Arthur Neal, 70+, A Restrospective: Linden Hall Studio, Deal

Linden Hall Studio
32 St Georges Road
Deal, Kent CT14 6BA

5th to 26th November 2022

An exhibition of  work from 1970 onwards, where Arthur's painting career began - born out of Camberwell Art School. The title also references his youth of 70+, and also that there will be 70+ works!

 

The exhibition will run from Saturday November 5th - November 26th and will be shown throughout the entire gallery (Linden Hall Studio).

 

‘Arthur works somewhere between the figurative and the semi-abstract. He engages with the formal problems that arise in the process of looking, in its broad sense, to attempt to make something that is a coherent painting.’


‘Prolonged, procrastinated messy chaos… just occasionally organised chaos.’

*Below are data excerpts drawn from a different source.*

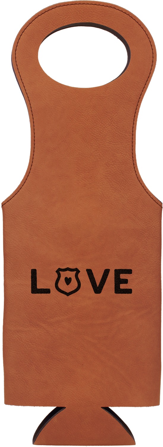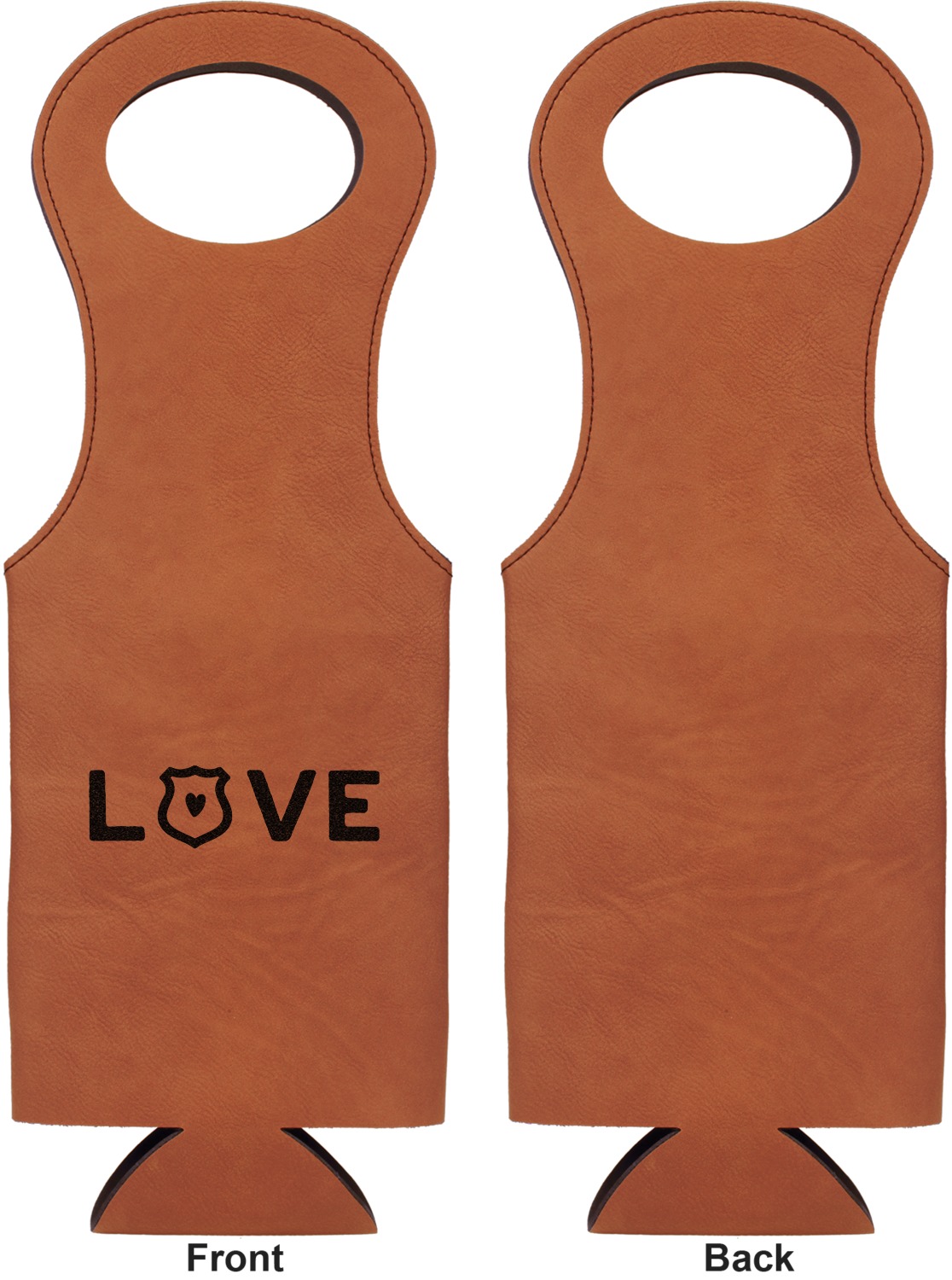 This wine carrier is made from a stunning leatherette, in a cognac-brown color. Strong, black stitching lines the sides of your wine bottle bag and provides extra durability. The interior is lined with a padded, black material to allow for a snug fit once your bottle is placed inside. At the top of this wine gift bag, you'll find two oval shaped handles that elegantly complements the rest of the bag's style. We provide you with the option of laser-engraving the front, or the front and back of your new personalized wine bag!
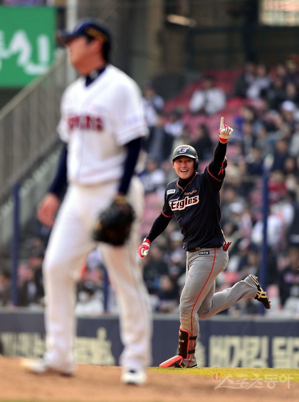 2일 서울 잠실야구장에서 ‘2017 타이어뱅크 KBO 리그’ 한화이글스와 두산베어스가 열렸다. 연장 11회초 1사 한화 신성현이 두산 김성배를 상대로 역전 좌월 솔로 홈런을 날리고 그라운드를 돌며 환호하고 있다.
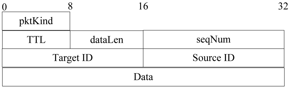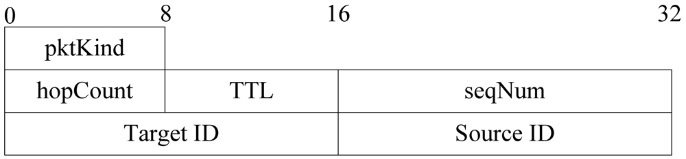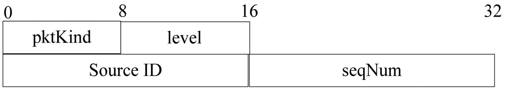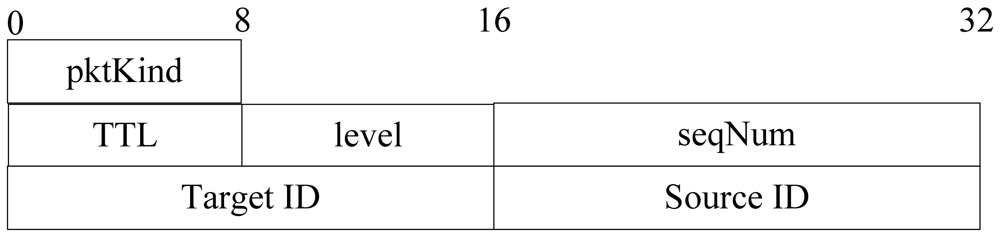 Level building process is only executed once and it is part of initial setup of the network. Since we assume a static network, there are no sensor nodes added to network and all nodes are static after deployment. When a node's energy is used up, it broadcasts a message to its neighbors to notice that it has died, and then its neighbors remove its information from the cache. The lifetime of LevelBuilding packet is not determined by its TTL. In the diffusion process, all sensor nodes rebroadcast query packet automatically. When all nodes' level value gets to the minimum value, this process finishes. The format of a level building packet is shown in Figure 7.
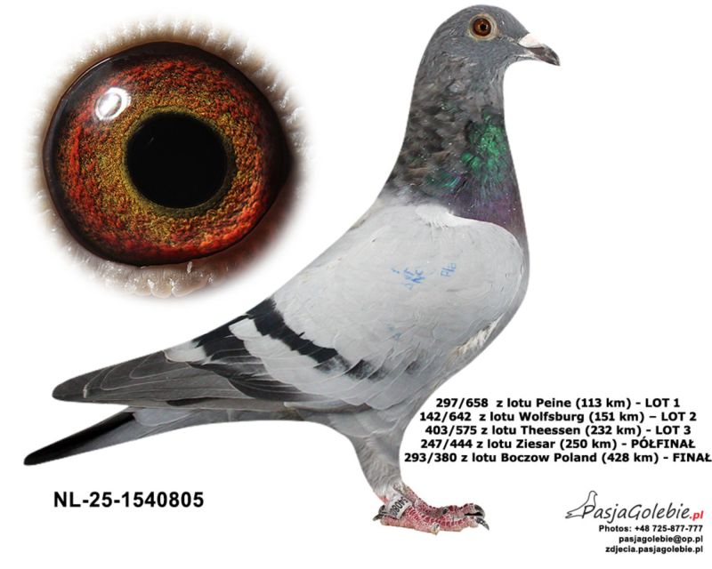 Osiągnięcia gołębi wypisane na zdjęciu.
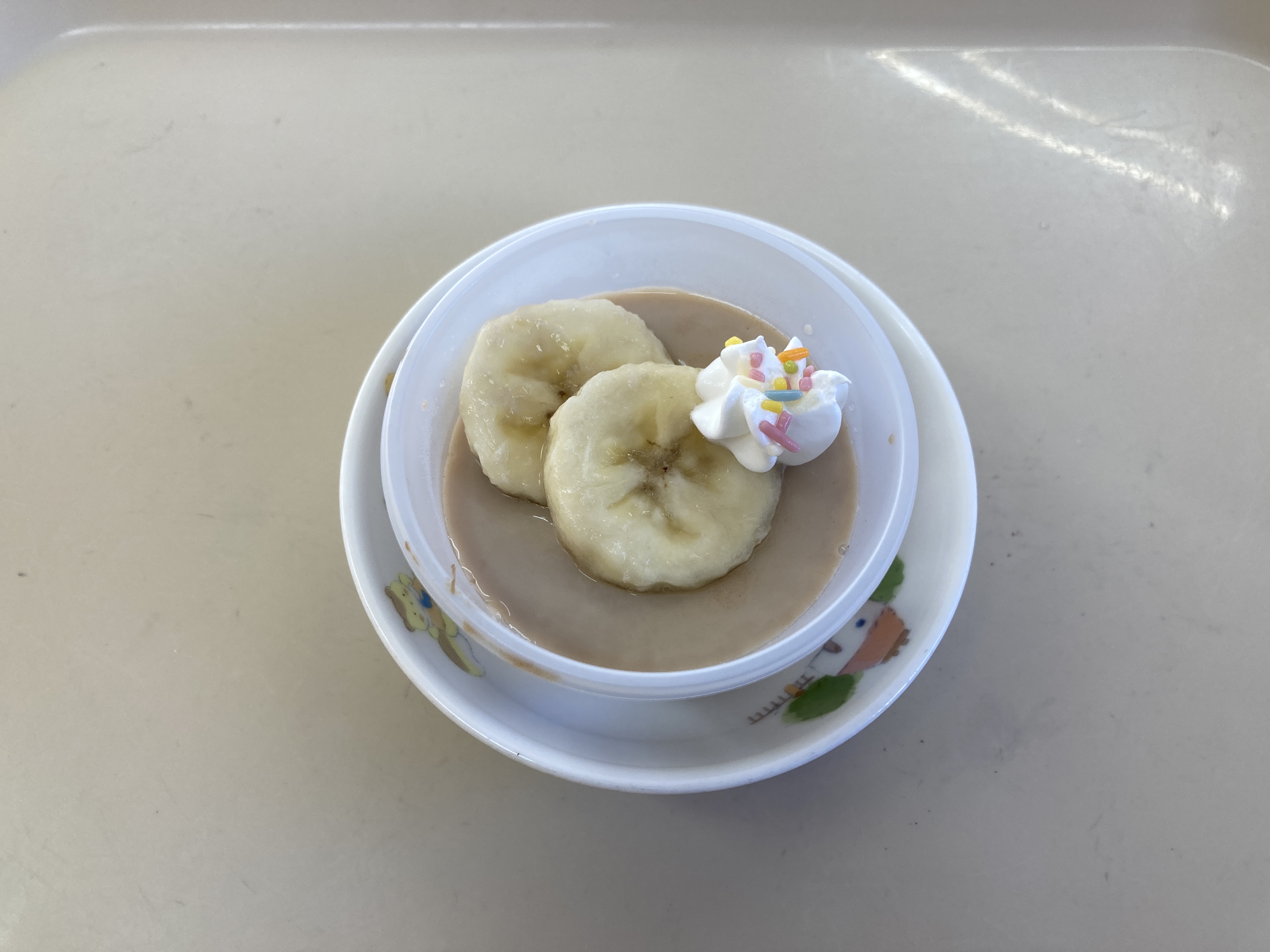 バナナと生クリームのトッピングに喜び、ペロリと完食していました。

It was possibly the Brueghel painting of three very drunk men, slumbered, beneath a
strange wheel like table and pancake roofed houses. It was both intriguing, disturbing
and alive.

 

Or maybe it was the Van Gogh portrait of an old man in a straw hat that caught my
attention on the back wall of the primary school classroom.

 

I was eight years old. The combination of mystery, hidden narratives and in the case
of the Van Gogh, an intensity of feeling and luminosity planted a seed. Fascinated on
the one hand and moved by the other.

 

By that Christmas (after much pestering) I was given an oil painting set with brushes,
all in a lovely wooden box. As is common with childhood excitements, I found myself
truly disappointed. Not knowing about priming, the result was disastrous. To console
myself and on discovering that the turpentine had serious warnings of flammability, I
made myself a flaming torch. Out of control, I dropped the flaming thing on to the
carpet of my bedroom floor, which duly caught fire. I managed to put it out, without
the need to call the fire brigade, and managed to conceal the large hole in the carpet
until I left for art college many years later.

 

Not much has really changed, apart from my being older and no longer being so
foolhardy with matches. There have been many more paintings and many more
stories, but the magic and struggle of it all has never faded.